ロマンスあり、謎解きありで、人物の出入りも一本調子でなく(若木さんが早々に死んでしまったり)、観ているものを引きつけながら、物語の筋道も人物も破綻なく勧善懲悪の世界を描ききって、とにかく大団円に持っていって、「完」の文字が見えるような終わり方。
これができる、はやみ甲は大した能力をお持ちだ。
どっかの劇団の作家に教えて欲しいくらい。


***

朱里王は、静蘭の前にも皇后を亡くしているんですね。
その彼が次に結婚しようとした静蘭も奪われる。
自らの責任ではなく、2度も不幸な目に会った悲劇の王です。
彼に幸せを与えてやってもいいんじゃないかと思うので、朱里王が静蘭と瓜二つの秀麗と結ばれるという結末に違和感は感じませんでした。

***


とにかく、登場する男性がどの人も潔く正しく清清しく、いい男である。ここまで徹底して男性をかっこよく書けるのは、謝珠栄もそうなんだけど、女性作家だからかなあ。
男性作家はね、やっぱりシガラミとかそうは思い通りにはいかないなんていうのを現実に感じてるからか、そこんところ一直線と行かないことが多いんではないか、と思ってしまうことが多い今日この頃・・。
やっぱり、男役は「凛々しいお方~」と、うっとりさせてナンボでしょうよ。


で、若手の人たちも役がついていて、それぞれ出番がきちんとあり、更にそれぞれのキャラクタがその人に合っている。彼らがどんな役で魅力が出るか、腐心し、工夫しておられるのを感じる。
これ、お稽古の時なんかにいつも接しているからできることなんだろう。


それから、ストーリーの面白さもさることながら、ちょっとしたエピソードやちょっとした一言なんかが伏線になっていて繋がりを持たせ、ドラマで活きる仕掛けになっている。
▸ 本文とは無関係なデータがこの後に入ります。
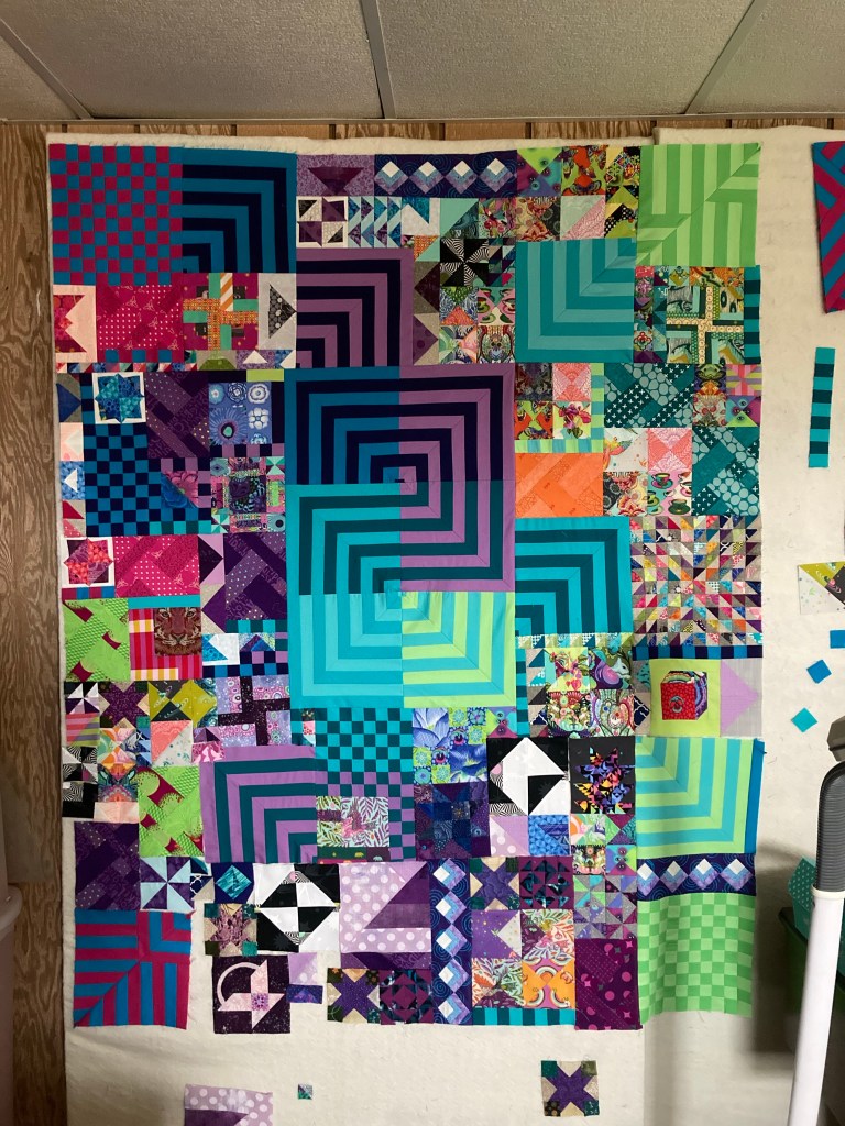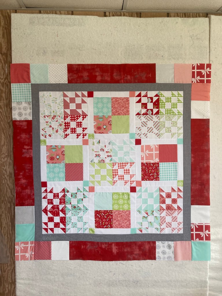 UPDATE: I basically DNF’ed this quilt. I didn’t like it when it was all done and wasn’t motivated to quilt it. So I mailed it to my friend Sharon so she could practice her free motion quilting.

例えば、女官の美杏の英月への片思いのシーンなんて、若手に出番を、だけでない、後に繋がるエピソードになってるわけだし。

例えば、小龍の陽貴に対する「そろそろ潮時では」みたいな発言があるから、悪事が暴かれるシーンで後ろ手に縛られてでてきても、あーそうか寝返ったのね、ということになって、いきなりな感じは受けないし。

例えば、静蘭が媚薬酔恋によって恋に落ちてしまう相手が、婚礼衣装作りの「りーさん」であったというのも、その前に、首里王とのデートもそこそこに衣装合わせがあるのと行ってしまう場面があったから、唐突ではないし。

ほかにもあったけど、こういう感じでちゃんと繋がりがあって、人物の行動に無理がない。
いやほんと、上手いと思いました。
どっかの座付き作家に教えてやってくれ、と思いました。


音楽は既存のものを使ってます(多分)が、使い方が上手い。どの場面もぴったりの楽曲だと思いました。
若木さんが歌った挿入歌は、はやみ先生の作だと思うんですが。だとしたら、凄いですね。この、マルチな才能。現代のレオナルド・ダビンチ(なんだ、この例え)(ほかに適当なのを思いつかないので)。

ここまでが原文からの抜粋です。